[Dataset records]
Start of Block

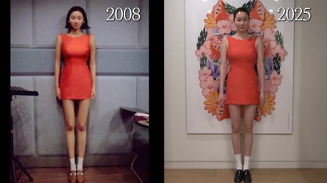 드레스를 입은 장윤주는 17년 전 사진과 거의 똑같은 몸매를 유지해 놀라움을 자아냈다. 하지만 그는 “뒤에 지퍼가 다 안 잠기긴 한다”고 솔직하게 현재의 체형 상태를 털어놨다. 장윤주는 흉곽 부위를 만지면서 “횡격막(가슴과 배를 나누는 근육)이 조금 커진 것 같다”고 말했다.
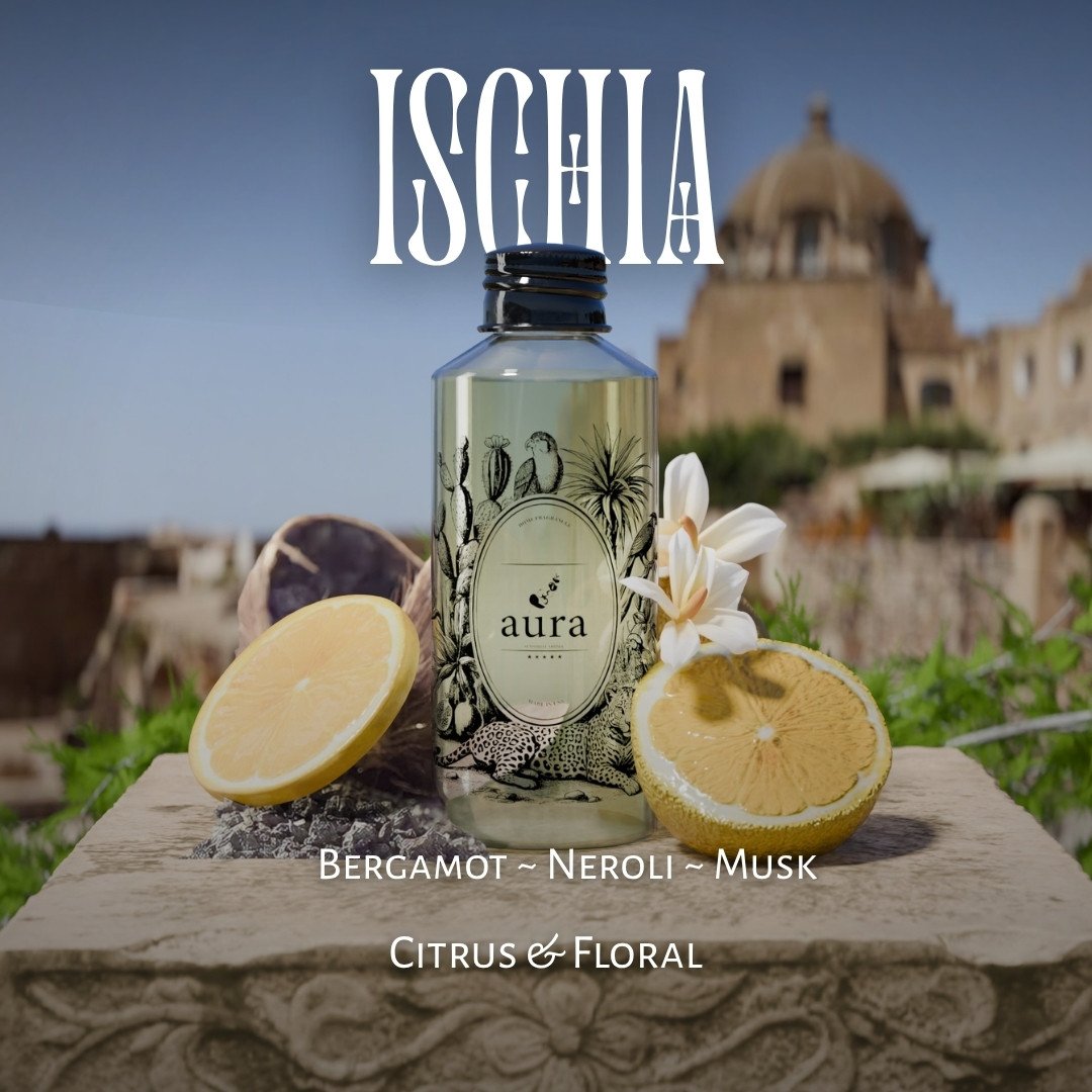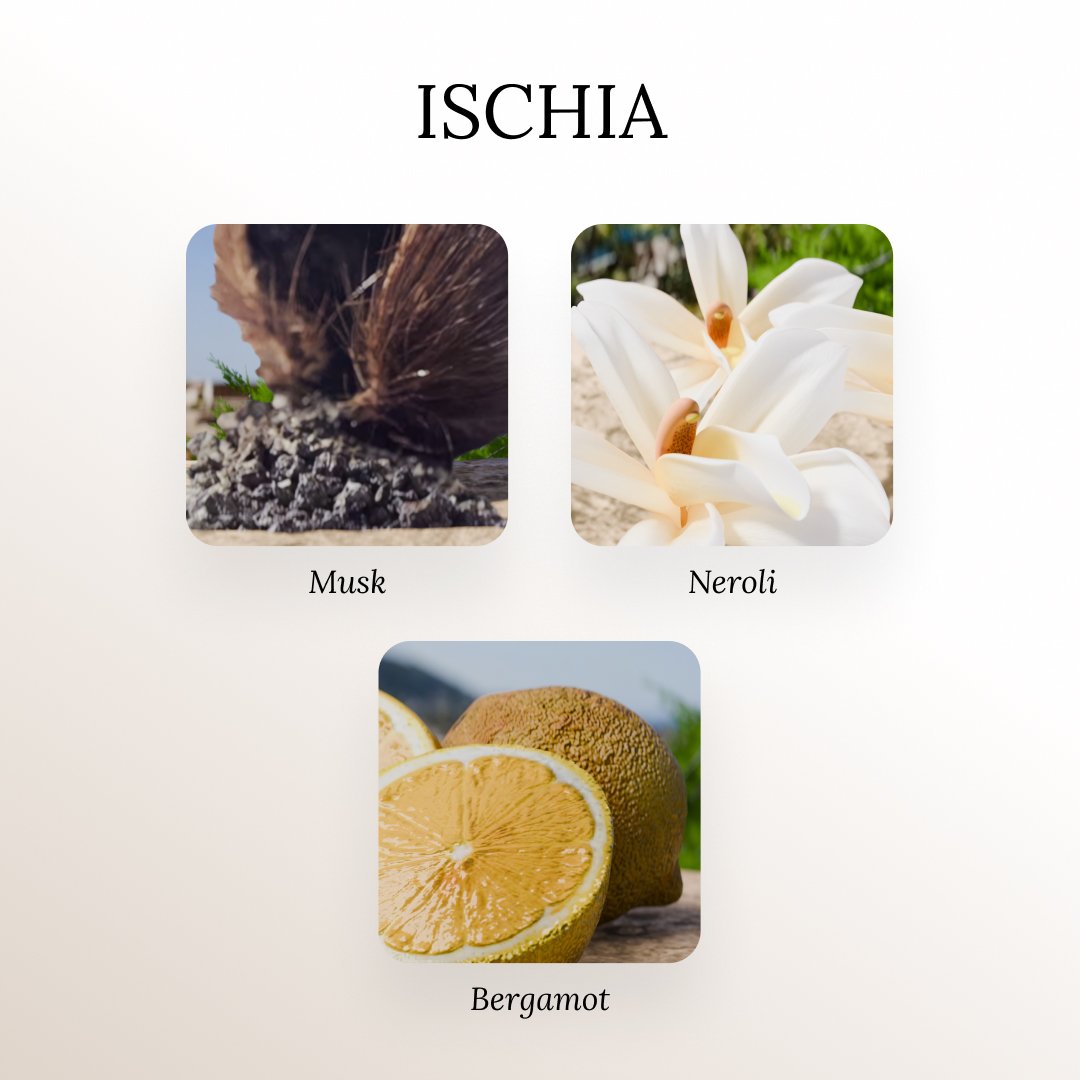Ischia is a vibrant and invigorating fragrance that captures the essence of the Italian Riviera. This scent is a masterful blend of citrus and floral notes, designed to evoke the feeling of a sun-soaked day on the Mediterranean coast. The fragrance opens with a sparkling burst of citrus, featuring the bright and zesty notes of bergamot, lemon, mandarin, and bitter orange. These top notes are complemented by the green and refreshing nuances of lavender and rosemary, creating an immediate sense of freshness and vitality. Olfactive Family:Â Citrus & Floral
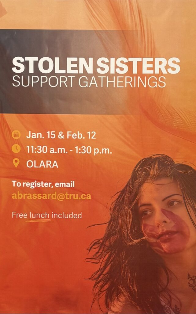 In a collaborative process, TRU’s Indigenous Student Services, Indigenous education, SVPR, Counceling and the Wellness Centre have been holding a support group for an open discussion on missing and murdered indigenous women and girls.
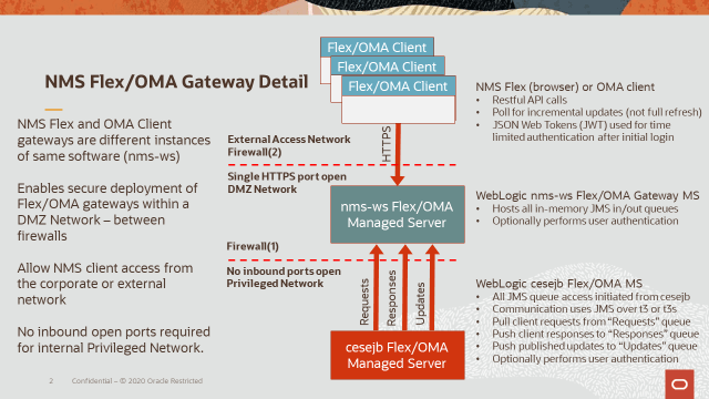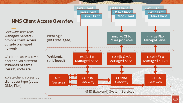 a. Technically Java, OMA and Flex clients can all be supported via a single WebLogic Managed Server – and this is often done for non-production NMS instances.
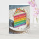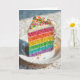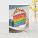 En vibrerande regnbågskaka med sex färgade lagrar fylls med vit frost och sprinkler. Inre text kan ändras.
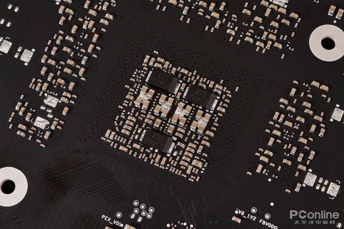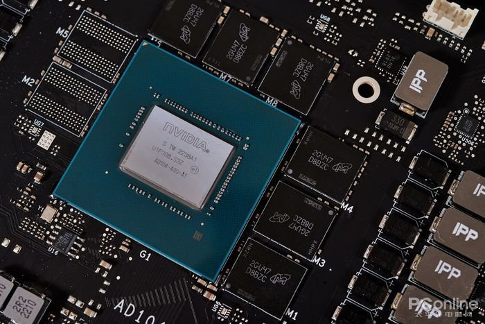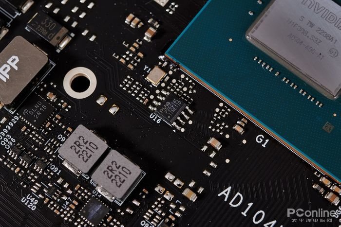 其中AD104核心背部的电容位置使用了三个POSCAP(导电聚合物钽电容),电气性能会更强一些。
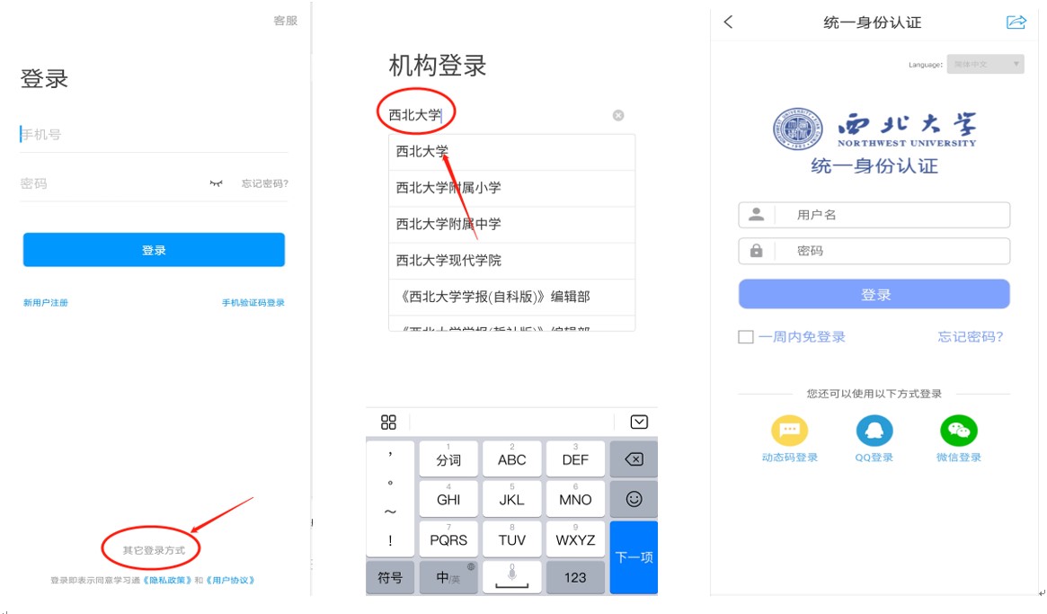 5.下载过后,进入登录页面——“其它登录方式”——单位栏输入“乐投平台”——跳转到学校统一身份认证登录。
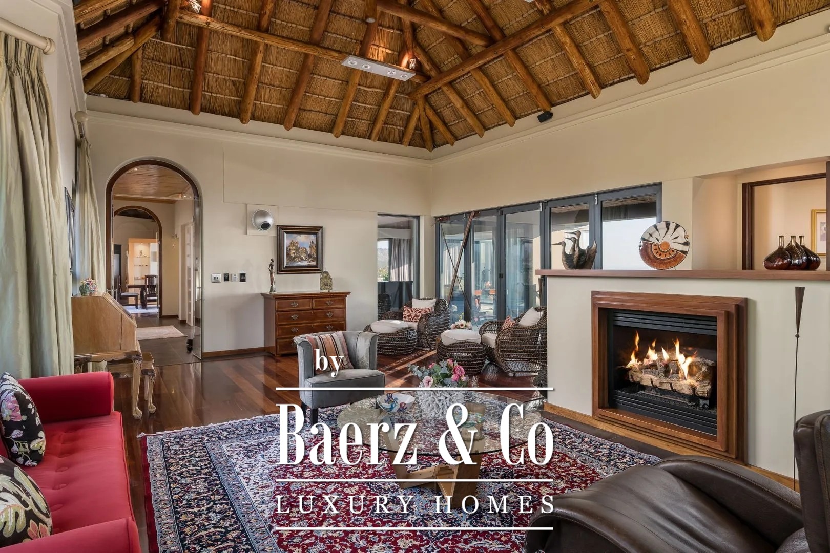In 2006 the manor house and outbuilding were traditionally built with natural materials in the unique South African rondavel style. The structure consists of cavity brickwork walls with plastering, concrete floors, and an open wooden roof construction, nostalgically thatched with reed. The property is fitted with insulated glass in low-maintenance aluminium frames with sliding doors.
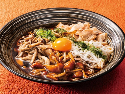 店舗で2時間以上かけてじっくり炊き出した自家製鶏がらスープがベースのそばつゆに、ごま油で香ばしく炒めて特製白だしで仕上げた4種のきのこ、店舗ですりおろすシャキシャキ食感の千切りとろろ、豚肉を合わせた食べ応えのある一品です。
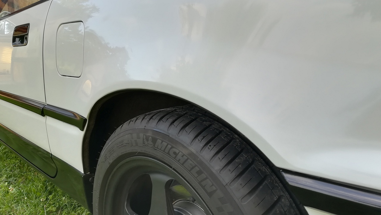 Veškerou korozi sem vybrousil nejvic jak to jen šlo, přestříknul konvertorem rzi, přetmelil, vzal několika vrstvama plniče a zabrousil. Opravený lem sem nalakoval jen rozstřikem do ztracena a né jako celý díl, což by bylo lepší, ale znamenalo by to lakovat třetinu auta a to by s mým zázemím a noob autolakýrnickýma zkušenostma nemuselo dopadnout dobře. Po zabroušení 3000 smirkem pod vodou a rozleštění to vypadá celkem obstojně. Na přímým slunci je sice vidět malinko jiný odstín nový barvy, ale jako oprava na pár let si myslím, že cajk.
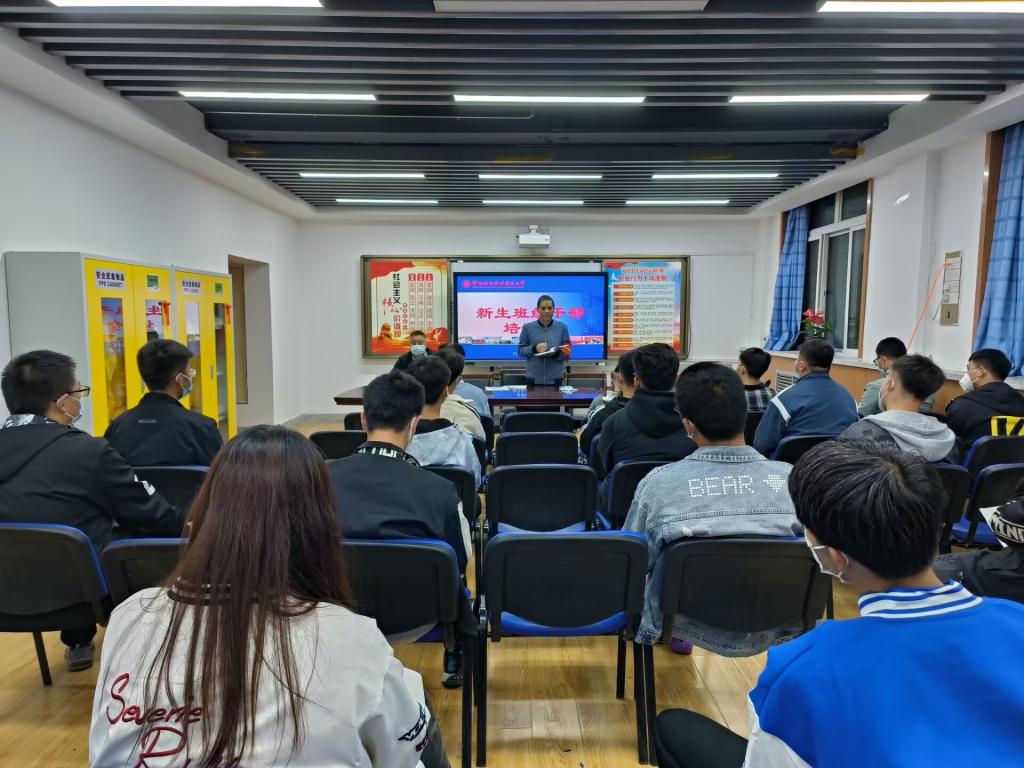 在当前“疫情”十分严峻的情况下,为进一步加强班级员工管理,提高班级干部工作能力,2022年11月2日公司开展了新生班级干部培训活动。由2名辅导员主持培训,40多名22级班级干部参加培训。
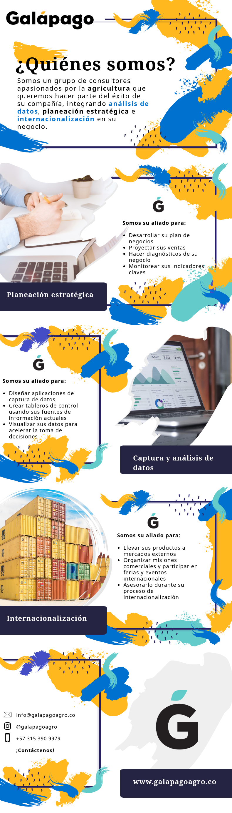 Somos un grupo de consultores apasionados por la agricultura que queremos hacer parte del éxito de su agronegocio, integrando análisis de datos, planeación estratégica e internacionalización en su empresa. Somos su aliado para los siguientes servicios. 1. Captura y análisis de datos: analizar grandes volúmenes de información (Big Data Analytics), crear tableros de control usando sus fuentes de información actuales, visualizar sus datos para acelerar la toma de decisiones, diseñar aplicaciones mobiles de captura de datos. 2. Planeación estratégica: desarrollar su plan de negocios, proyectar sus ventas, hacer diagnósticos de su negocio, monitorear sus indicadores claves. 3. Internacionalización: llevar sus productos a mercados externos, organizar misiones comerciales y participar en ferias y eventos internacionales, asesorarlo durante su proceso de internacionalización.

End of Block

How to complete this task:
Repeat the records verbatim, excluding pictures.

Written response:
 드레스를 입은 장윤주는 17년 전 사진과 거의 똑같은 몸매를 유지해 놀라움을 자아냈다. 하지만 그는 “뒤에 지퍼가 다 안 잠기긴 한다”고 솔직하게 현재의 체형 상태를 털어놨다. 장윤주는 흉곽 부위를 만지면서 “횡격막(가슴과 배를 나누는 근육)이 조금 커진 것 같다”고 말했다.
Ischia is a vibrant and invigorating fragrance that captures the essence of the Italian Riviera. This scent is a masterful blend of citrus and floral notes, designed to evoke the feeling of a sun-soaked day on the Mediterranean coast. The fragrance opens with a sparkling burst of citrus, featuring the bright and zesty notes of bergamot, lemon, mandarin, and bitter orange. These top notes are complemented by the green and refreshing nuances of lavender and rosemary, creating an immediate sense of freshness and vitality. Olfactive Family:Â Citrus & Floral
 In a collaborative process, TRU’s Indigenous Student Services, Indigenous education, SVPR, Counceling and the Wellness Centre have been holding a support group for an open discussion on missing and murdered indigenous women and girls.
 a. Technically Java, OMA and Flex clients can all be supported via a single WebLogic Managed Server – and this is often done for non-production NMS instances.
 En vibrerande regnbågskaka med sex färgade lagrar fylls med vit frost och sprinkler. Inre text kan ändras.
 其中AD104核心背部的电容位置使用了三个POSCAP(导电聚合物钽电容),电气性能会更强一些。
 5.下载过后,进入登录页面——“其它登录方式”——单位栏输入“乐投平台”——跳转到学校统一身份认证登录。
In 2006 the manor house and outbuilding were traditionally built with natural materials in the unique South African rondavel style. The structure consists of cavity brickwork walls with plastering, concrete floors, and an open wooden roof construction, nostalgically thatched with reed. The property is fitted with insulated glass in low-maintenance aluminium frames with sliding doors.
 店舗で2時間以上かけてじっくり炊き出した自家製鶏がらスープがベースのそばつゆに、ごま油で香ばしく炒めて特製白だしで仕上げた4種のきのこ、店舗ですりおろすシャキシャキ食感の千切りとろろ、豚肉を合わせた食べ応えのある一品です。
 Veškerou korozi sem vybrousil nejvic jak to jen šlo, přestříknul konvertorem rzi, přetmelil, vzal několika vrstvama plniče a zabrousil. Opravený lem sem nalakoval jen rozstřikem do ztracena a né jako celý díl, což by bylo lepší, ale znamenalo by to lakovat třetinu auta a to by s mým zázemím a noob autolakýrnickýma zkušenostma nemuselo dopadnout dobře. Po zabroušení 3000 smirkem pod vodou a rozleštění to vypadá celkem obstojně. Na přímým slunci je sice vidět malinko jiný odstín nový barvy, ale jako oprava na pár let si myslím, že cajk.
 在当前“疫情”十分严峻的情况下,为进一步加强班级员工管理,提高班级干部工作能力,2022年11月2日公司开展了新生班级干部培训活动。由2名辅导员主持培训,40多名22级班级干部参加培训。
 Somos un grupo de consultores apasionados por la agricultura que queremos hacer parte del éxito de su agronegocio, integrando análisis de datos, planeación estratégica e internacionalización en su empresa. Somos su aliado para los siguientes servicios. 1. Captura y análisis de datos: analizar grandes volúmenes de información (Big Data Analytics), crear tableros de control usando sus fuentes de información actuales, visualizar sus datos para acelerar la toma de decisiones, diseñar aplicaciones mobiles de captura de datos. 2. Planeación estratégica: desarrollar su plan de negocios, proyectar sus ventas, hacer diagnósticos de su negocio, monitorear sus indicadores claves. 3. Internacionalización: llevar sus productos a mercados externos, organizar misiones comerciales y participar en ferias y eventos internacionales, asesorarlo durante su proceso de internacionalización.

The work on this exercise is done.